**** Information provided ****
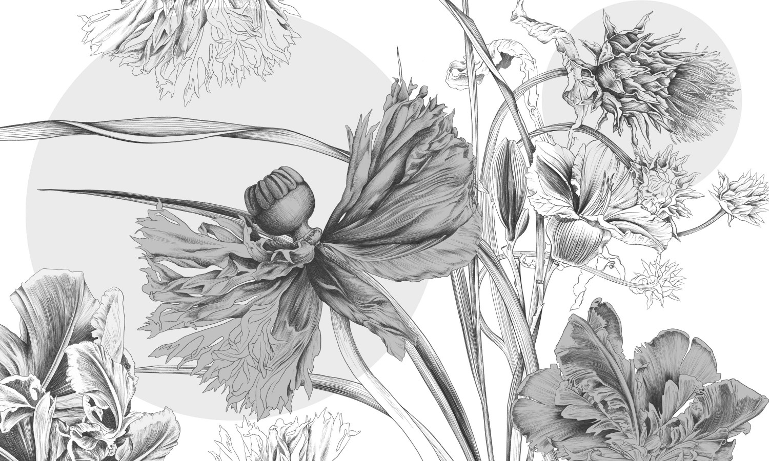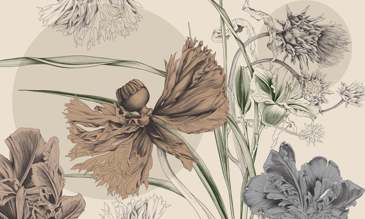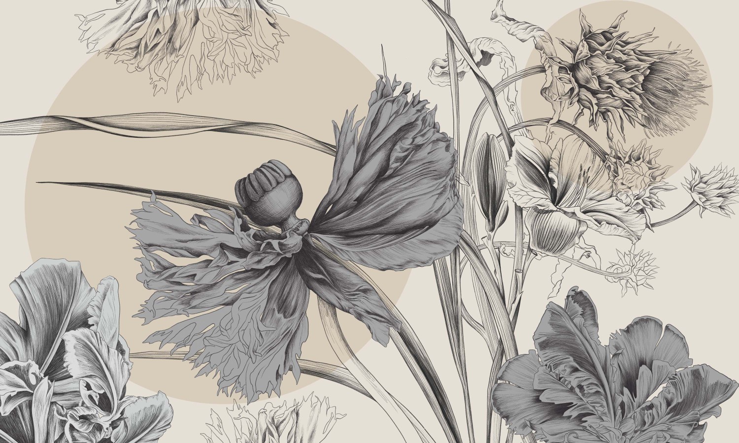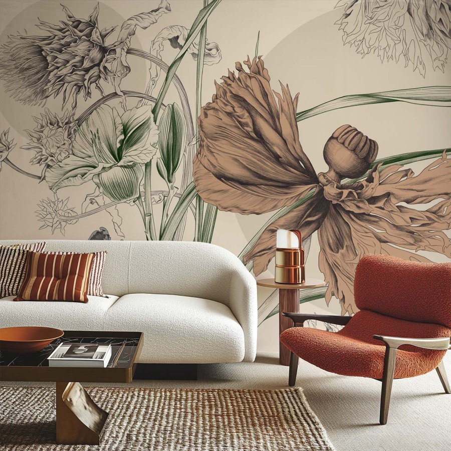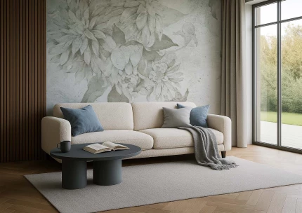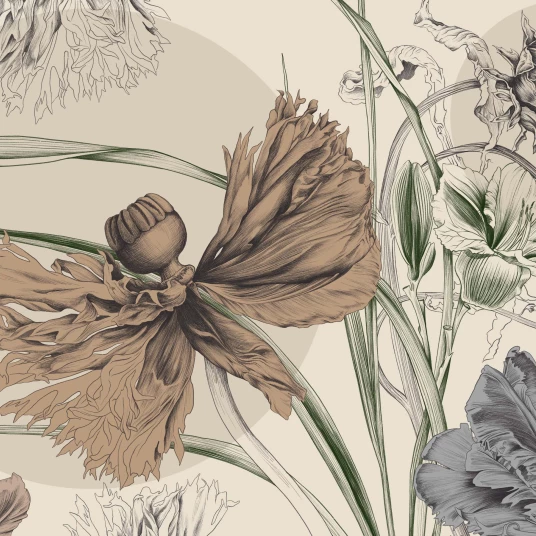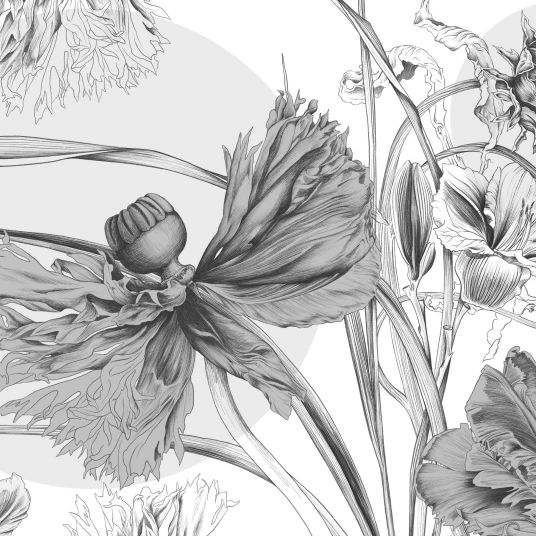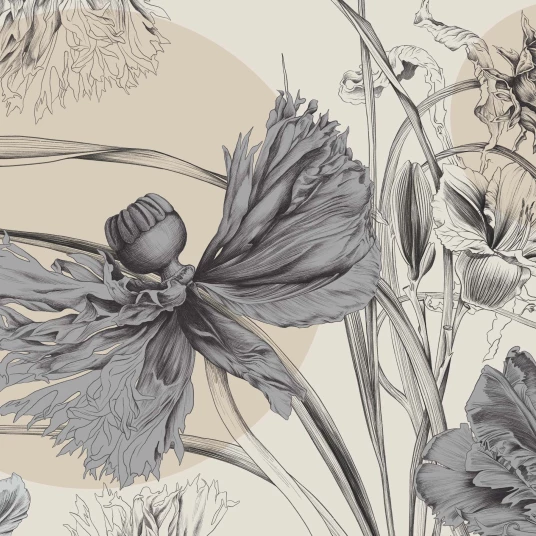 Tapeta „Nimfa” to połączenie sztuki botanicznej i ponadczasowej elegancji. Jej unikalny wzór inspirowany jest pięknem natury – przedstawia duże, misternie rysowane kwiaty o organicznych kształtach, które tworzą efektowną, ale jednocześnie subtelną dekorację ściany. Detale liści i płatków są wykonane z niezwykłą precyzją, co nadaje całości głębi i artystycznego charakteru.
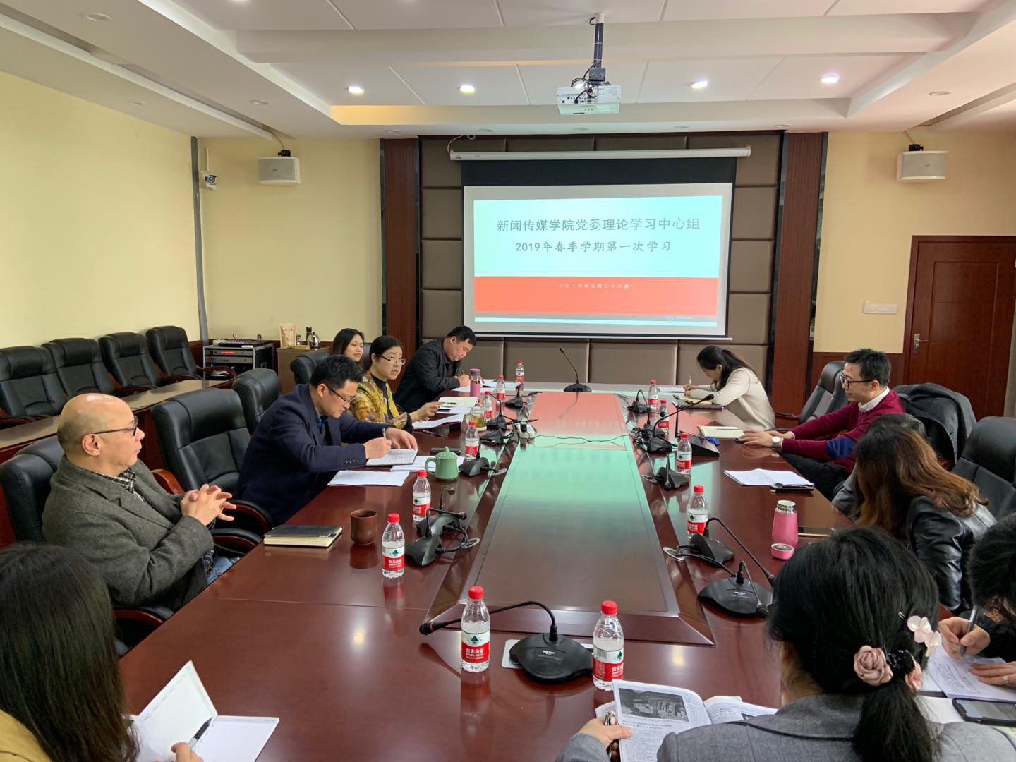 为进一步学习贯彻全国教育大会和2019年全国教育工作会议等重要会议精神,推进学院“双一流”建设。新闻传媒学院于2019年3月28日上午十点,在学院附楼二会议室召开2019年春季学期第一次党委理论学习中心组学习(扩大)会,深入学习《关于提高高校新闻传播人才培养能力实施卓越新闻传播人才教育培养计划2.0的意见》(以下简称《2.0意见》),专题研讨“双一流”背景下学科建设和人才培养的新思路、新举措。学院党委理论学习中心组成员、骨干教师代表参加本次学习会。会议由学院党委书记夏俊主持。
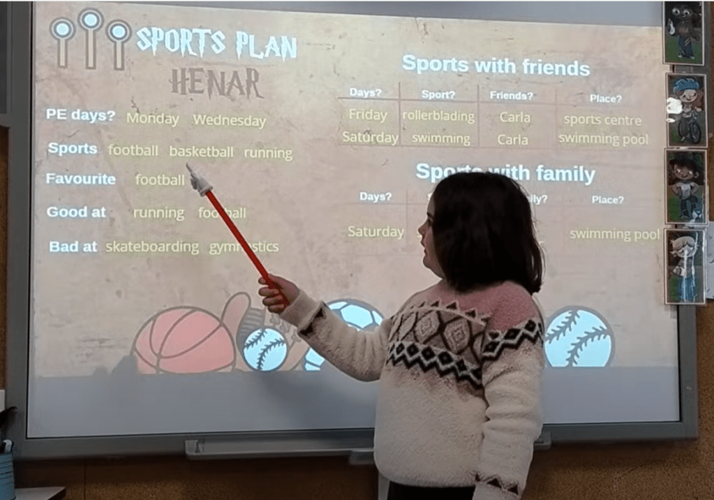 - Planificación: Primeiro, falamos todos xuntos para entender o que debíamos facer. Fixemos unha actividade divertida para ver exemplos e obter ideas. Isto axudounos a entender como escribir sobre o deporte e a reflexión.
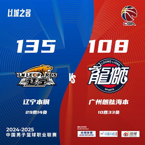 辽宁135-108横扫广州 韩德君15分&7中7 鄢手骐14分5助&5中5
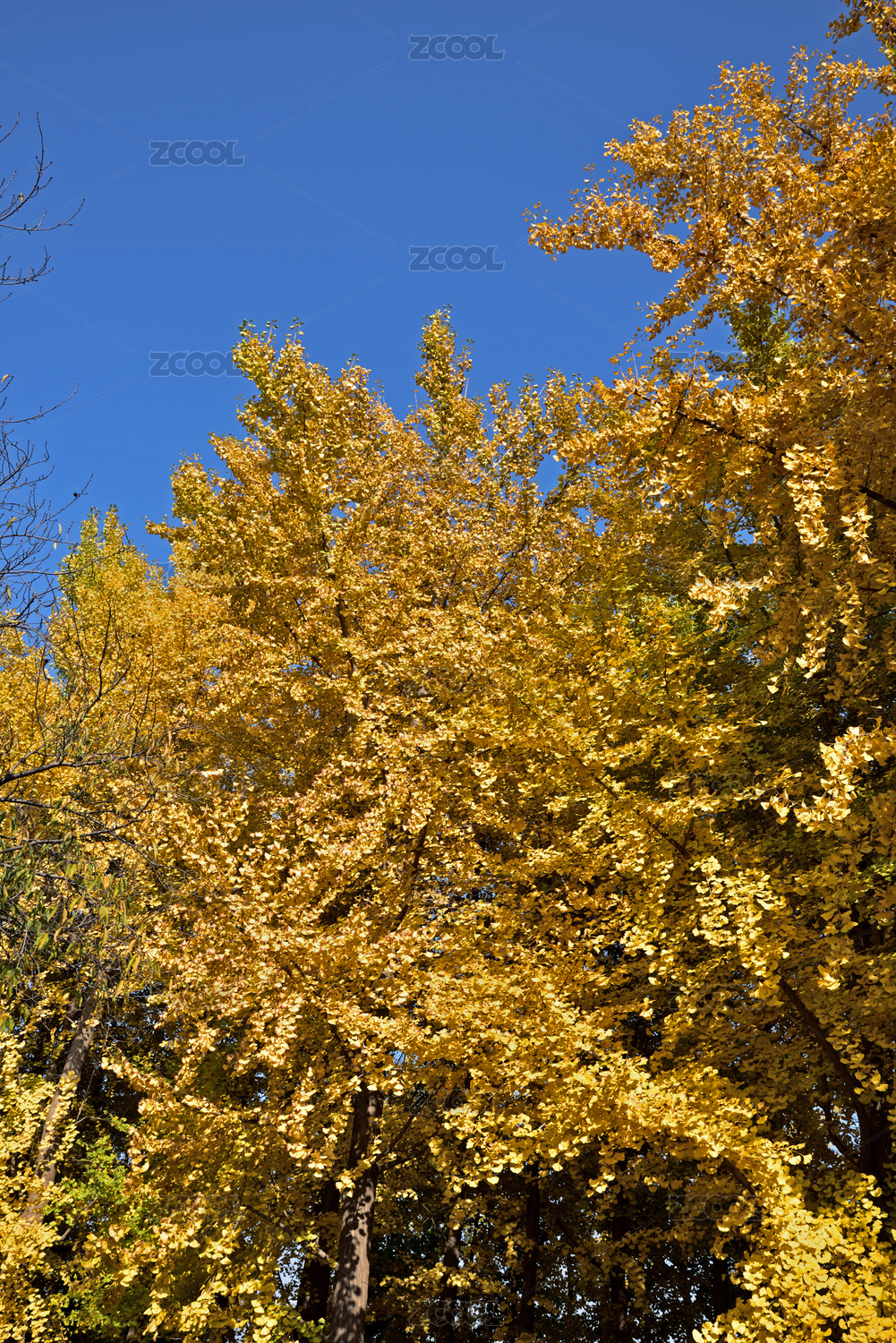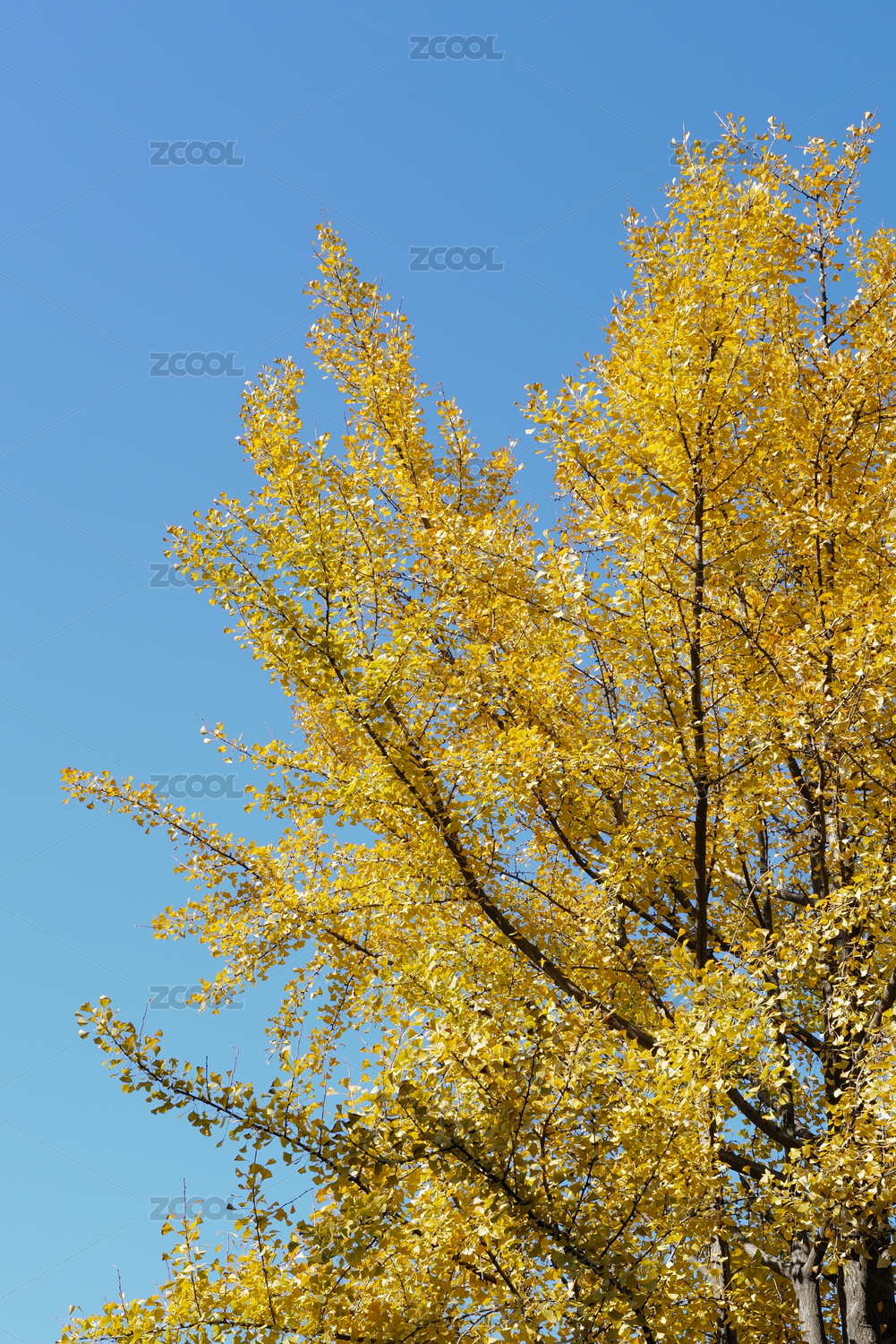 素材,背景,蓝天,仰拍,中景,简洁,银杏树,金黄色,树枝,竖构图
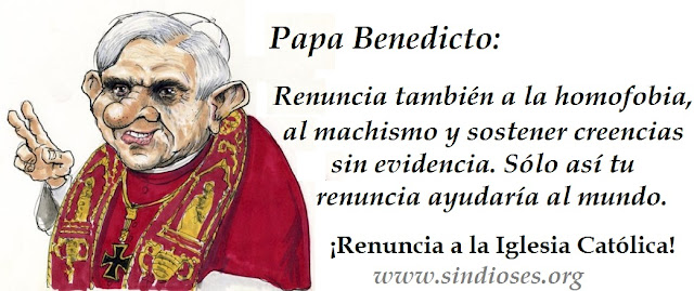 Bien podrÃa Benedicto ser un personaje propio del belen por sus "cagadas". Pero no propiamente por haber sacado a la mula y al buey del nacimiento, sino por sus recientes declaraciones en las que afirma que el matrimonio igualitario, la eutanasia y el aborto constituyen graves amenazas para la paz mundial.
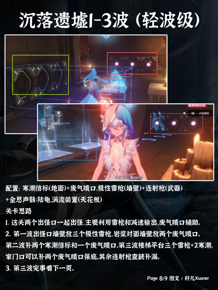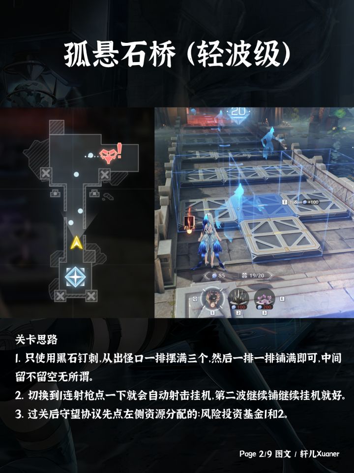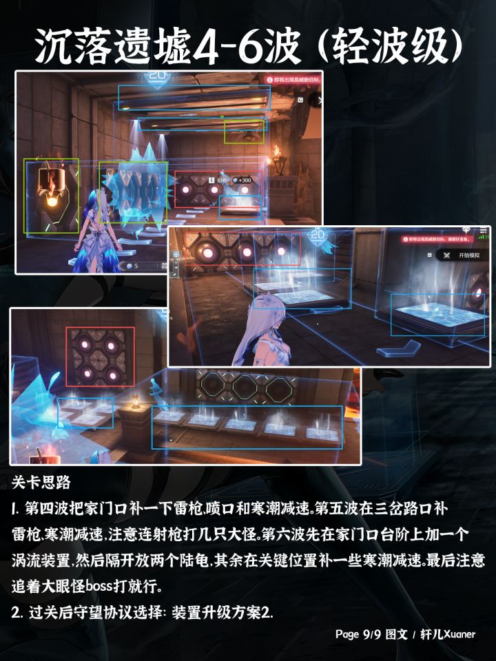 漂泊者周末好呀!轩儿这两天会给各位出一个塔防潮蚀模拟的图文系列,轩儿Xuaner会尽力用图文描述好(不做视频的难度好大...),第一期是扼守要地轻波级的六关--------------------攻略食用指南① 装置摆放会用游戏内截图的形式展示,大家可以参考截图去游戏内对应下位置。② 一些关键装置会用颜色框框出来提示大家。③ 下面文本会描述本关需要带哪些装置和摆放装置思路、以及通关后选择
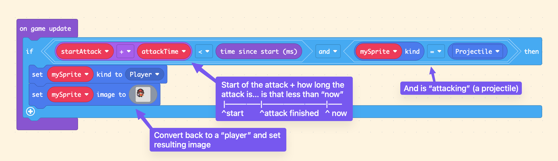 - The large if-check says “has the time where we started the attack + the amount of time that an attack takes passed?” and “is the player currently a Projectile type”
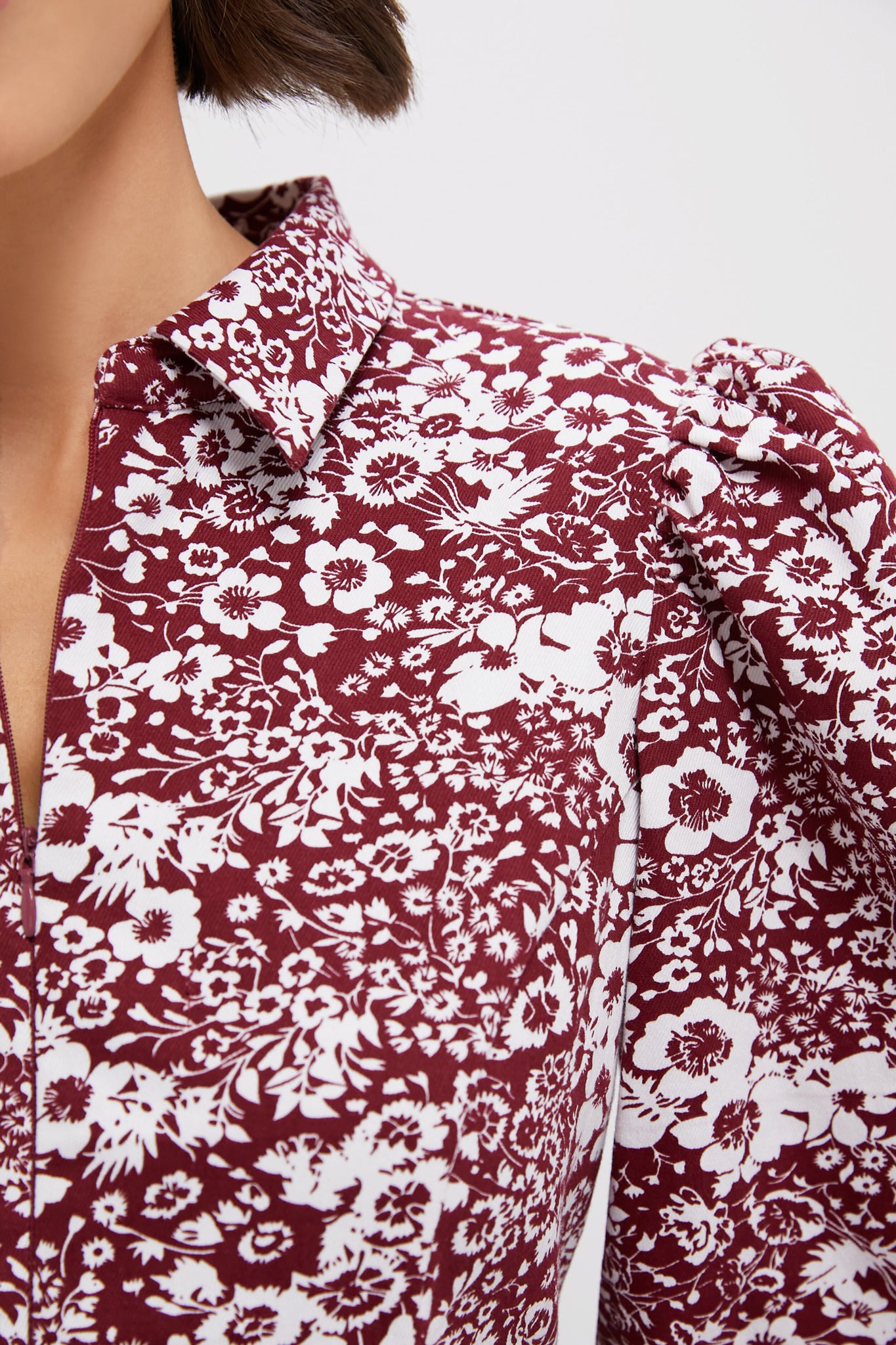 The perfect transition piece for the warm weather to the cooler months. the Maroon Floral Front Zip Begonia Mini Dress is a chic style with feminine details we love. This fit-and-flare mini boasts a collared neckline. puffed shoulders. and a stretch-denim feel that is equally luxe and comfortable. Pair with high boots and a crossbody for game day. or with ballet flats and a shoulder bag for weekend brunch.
****
= Work to complete =
Please set down only the lines from the first line of the records above through the line that has "Bien podrÃa Benedicto", exactly, and not the pictures.

= Task solution =
 Tapeta „Nimfa” to połączenie sztuki botanicznej i ponadczasowej elegancji. Jej unikalny wzór inspirowany jest pięknem natury – przedstawia duże, misternie rysowane kwiaty o organicznych kształtach, które tworzą efektowną, ale jednocześnie subtelną dekorację ściany. Detale liści i płatków są wykonane z niezwykłą precyzją, co nadaje całości głębi i artystycznego charakteru.
 为进一步学习贯彻全国教育大会和2019年全国教育工作会议等重要会议精神,推进学院“双一流”建设。新闻传媒学院于2019年3月28日上午十点,在学院附楼二会议室召开2019年春季学期第一次党委理论学习中心组学习(扩大)会,深入学习《关于提高高校新闻传播人才培养能力实施卓越新闻传播人才教育培养计划2.0的意见》(以下简称《2.0意见》),专题研讨“双一流”背景下学科建设和人才培养的新思路、新举措。学院党委理论学习中心组成员、骨干教师代表参加本次学习会。会议由学院党委书记夏俊主持。
 - Planificación: Primeiro, falamos todos xuntos para entender o que debíamos facer. Fixemos unha actividade divertida para ver exemplos e obter ideas. Isto axudounos a entender como escribir sobre o deporte e a reflexión.
 辽宁135-108横扫广州 韩德君15分&7中7 鄢手骐14分5助&5中5
 素材,背景,蓝天,仰拍,中景,简洁,银杏树,金黄色,树枝,竖构图
 Bien podrÃa Benedicto ser un personaje propio del belen por sus "cagadas". Pero no propiamente por haber sacado a la mula y al buey del nacimiento, sino por sus recientes declaraciones en las que afirma que el matrimonio igualitario, la eutanasia y el aborto constituyen graves amenazas para la paz mundial.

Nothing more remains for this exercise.